Нет. Я чертовски люблю Маверика. Вот почему, если бы Сид пришлось трахнуть кого-то еще, чтобы выкинуть это из головы, я бы выбрал его снова и снова.
Ненависть не к нему.
Это к тому, что они сделали из нас.
К тому, что 6, с их деньгами, властью и гребаным отсутствием элементарного человеческого достоинства, заставили нас сделать. То, что они создали, когда мы были еще мальчишками. То, что они сделали с сестрой Маверика, Бруклин. Выбросили ее на улицу, чтобы ее сожрал такой извращенец, как Джеремайя Рейн. В наших семьях девочки никогда ничему не учатся. Никто, кроме жен, потому что их жизнь на волоске. Но девочки, ну, 6 хранят от них свои секреты, потому что потом, когда им придется сделать что-то вроде как выгнать их из дома за бесчестье, они не смогут унести с собой много секретов.

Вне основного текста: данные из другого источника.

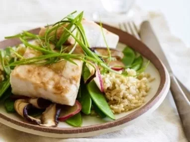 4) Coat a glass baking dish with cooking spray. Place the fish in the dish and bake for 20 mins. Without removing the dish from the oven, turn on the grill element in the oven and grill for 5 additional mins. When the fish is done, remove it from the oven. Slice a medallion of crab butter and place it on top of the grilled fish. Sprinkle fresh parsley on top for added colour.
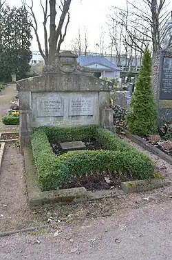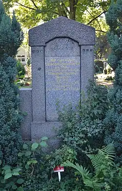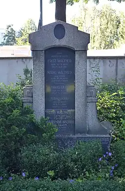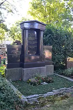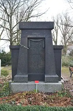 | A/18-19 | Spielmann | 1916 | F. Hofmeister | Ädikulaähnliche Stele aus poliertem schwarzen Granit mit einem geschweiften Giebel. Die Schriftspiegel sind oval und von Kranzreliefs gefasst. |

Эта ненависть в наших глазах — к моему отцу, который знает, что я облажался, пытаясь вмешаться в его бизнес. Его планы на Сид. Но он позволяет мне играть в эту игру, чтобы было больнее, когда они получат ее. Я не знаю, зачем она ему нужна. Я не знаю, кто она для него, но я и Мав оба знаем кое-что об этих наших девушках.
Они обе умрут, что бы мы ни делали.
Жертвоприношения.
Наказание.
За то, что мы осмелились почувствовать что-то большее, чем похоть или холодный расчет. Смелость влюбиться в девушек, на которых мы, возможно, не захотим жениться или привязать к себе.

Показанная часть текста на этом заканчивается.